## WHAT YOU SHOULD DO
Your task is to transcribe the data exactly while omitting each picture.

## DATA EXTRACT
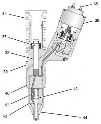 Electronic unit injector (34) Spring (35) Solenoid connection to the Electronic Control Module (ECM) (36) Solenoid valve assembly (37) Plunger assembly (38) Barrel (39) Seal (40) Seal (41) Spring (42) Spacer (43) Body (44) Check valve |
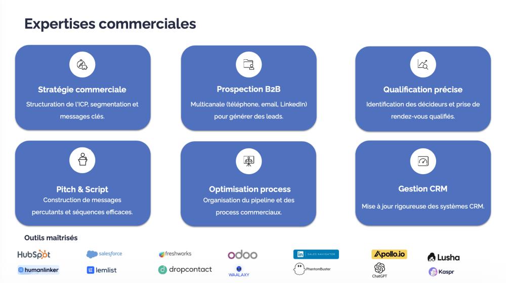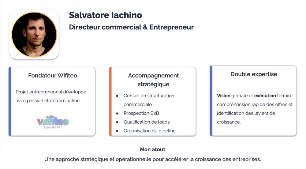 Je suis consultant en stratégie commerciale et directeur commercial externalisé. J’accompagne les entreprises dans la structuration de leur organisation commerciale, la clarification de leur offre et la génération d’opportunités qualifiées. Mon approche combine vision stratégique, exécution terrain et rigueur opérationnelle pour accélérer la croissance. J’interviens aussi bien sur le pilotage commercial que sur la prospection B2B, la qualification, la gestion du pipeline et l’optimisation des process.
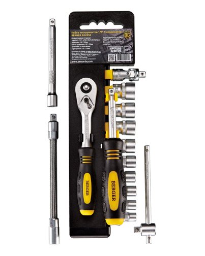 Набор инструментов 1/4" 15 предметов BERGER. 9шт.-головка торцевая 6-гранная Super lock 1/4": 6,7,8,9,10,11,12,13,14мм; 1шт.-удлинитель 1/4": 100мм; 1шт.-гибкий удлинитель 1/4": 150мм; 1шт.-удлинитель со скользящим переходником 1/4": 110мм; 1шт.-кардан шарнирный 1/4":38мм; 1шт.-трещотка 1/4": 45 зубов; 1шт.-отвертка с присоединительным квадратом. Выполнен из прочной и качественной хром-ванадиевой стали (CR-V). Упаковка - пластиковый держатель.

## EXPECTED OUTPUT
 Electronic unit injector (34) Spring (35) Solenoid connection to the Electronic Control Module (ECM) (36) Solenoid valve assembly (37) Plunger assembly (38) Barrel (39) Seal (40) Seal (41) Spring (42) Spacer (43) Body (44) Check valve |
 Je suis consultant en stratégie commerciale et directeur commercial externalisé. J’accompagne les entreprises dans la structuration de leur organisation commerciale, la clarification de leur offre et la génération d’opportunités qualifiées. Mon approche combine vision stratégique, exécution terrain et rigueur opérationnelle pour accélérer la croissance. J’interviens aussi bien sur le pilotage commercial que sur la prospection B2B, la qualification, la gestion du pipeline et l’optimisation des process.
 Набор инструментов 1/4" 15 предметов BERGER. 9шт.-головка торцевая 6-гранная Super lock 1/4": 6,7,8,9,10,11,12,13,14мм; 1шт.-удлинитель 1/4": 100мм; 1шт.-гибкий удлинитель 1/4": 150мм; 1шт.-удлинитель со скользящим переходником 1/4": 110мм; 1шт.-кардан шарнирный 1/4":38мм; 1шт.-трещотка 1/4": 45 зубов; 1шт.-отвертка с присоединительным квадратом. Выполнен из прочной и качественной хром-ванадиевой стали (CR-V). Упаковка - пластиковый держатель.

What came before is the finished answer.